“Owning physical gold is like having a put option on your government and the financial system. And when you don’t have confidence in these things, the paper price of a gold contract that trades in a government-regulated commodities exchange is… irrelevant.” An important reminder from the SovereignMan.

The price of gold has taken a hit in the last few weeks dipping down to the $1,500’s. If you own gold and silver as ‘a put option on the financial system’ this temporary dip is of little concern, what you own is real money. And this week Patrick Barron explained why it is the dollar and not gold that is overvalued.

“The problem with comparing the price of gold in dollar terms today and its price in the past is that it ignores dollar inflation.  The price of gold today is around $1,600 per ounce.”

“In December 1980 the CPI stood at 86.3.  In January 2013 it was 230.3. (This is hardly believable; i.e., that prices have gone up only 2.7 times since 1980.)  Nevertheless, adjusting for the CPI increase since 1980, the price of gold today should be $1,633…about where it is right now.”

“But now let’s look at inflation of the money supply.  In 1980 M1 was $.420 trillion and M2 was $1.605 trillion.  As of January 2013, M1 is $2.470 trillion and M2 is $10.445 trillion.  So, taking into account the great inflation in M1 and M2, the price of gold should be either $3,600 per ounce (M1 equivalence) or $3,983 per ounce (M2 equivalence) for the price of gold, IN DOLLAR TERMS, to match its price at year end 1980.”

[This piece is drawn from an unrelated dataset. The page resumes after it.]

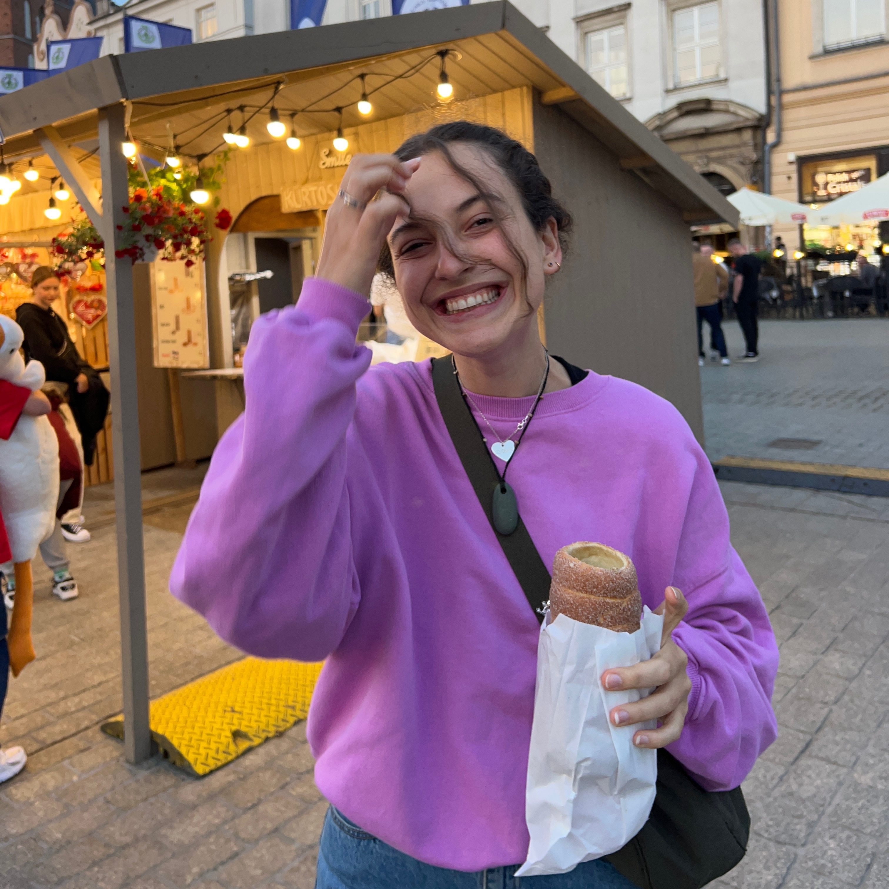 This evening we decided to forgo the restaurants in favour of Krakow’s Main Square Market. It’s a permanent Christmas Market with the most delicious range of Polish food. They’ve got everything from pierogi to parówki cielęce (a Polish hot dog) and, my favourite, Chimney Cakes. I’m not usually a cake person, and I don’t like doughnuts or churros (I know, wow), but there’s just something about those little morsels of dough covered in cinnamon sugar that I LOVE.

“Another way to look at the relationship between the dollar price of gold and dollar inflation is to calculate gold’s dollar coverage price; i.e., for the Fed, which owns 262 million ounces of gold, to back the dollar in gold and make it truly redeemable, it would be forced to set the price at either $9,427 per ounce (M1) or $39,866 per ounce (M2).  In other words, at any lower price the Fed would not be able to redeem all of its dollars.”